SEC SUES MUNI ADVISERS IN FIRST CASE OVER BANK FEE SPLITTING — Bloomberg’s Martin Z. Braun: “A firm that advises charter schools on bond issues was sued by the Securities and Exchange Commission for allegedly making an undisclosed fee-splitting agreement with an underwriter, in what the agency said was its first case of enforcing code-of-conduct rules ushered in after the 2008 financial crisis.

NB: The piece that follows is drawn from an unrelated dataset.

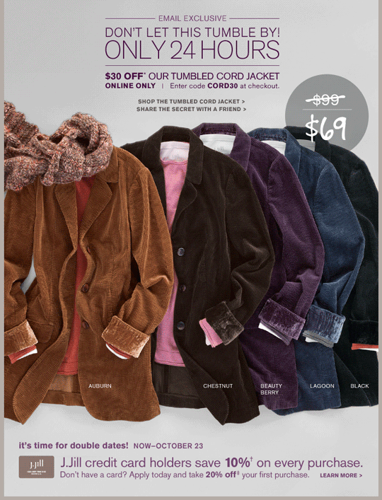 Method,J..Jill非常善于产品布局、文本样式及空间的综合协调布局,以在邮件中创造轻快或成稳的感觉。在以下电子邮件中,它们分别使用 GIF动画着重突出其折扣促销、价格优惠。这种微妙的处理,体现了审美和促销推广的巧妙融合。

“Choice Advisors LLC and its two principals, Matthias O’Meara and Paula Permenter, failed to disclose to their clients the conflicts of interest associated with ‘the illicit arrangement or their relationship’ with an investment bank where they previously worked, the SEC said in a statement. Fee-splitting arrangements are prohibited in any bond deal where the municipal adviser provides advice to clients of the underwriter.”

U.S. AND EUROPEAN ECONOMIES SLOWED BY DELTA VARIANT — WSJ’s Jason Douglas and Amara Omeokwe: “The U.S. and European economies slowed in September as supply-chain bottlenecks and worries over the Delta variant weighed on businesses, adding to signs the global economy is experiencing a soft patch amid an uneven recovery, purchasing managers’ surveys showed.

“Manufacturing and services businesses in both the U.S. and Eurozone reported slower growth in activity this month, although the pullback was more pronounced in Europe.”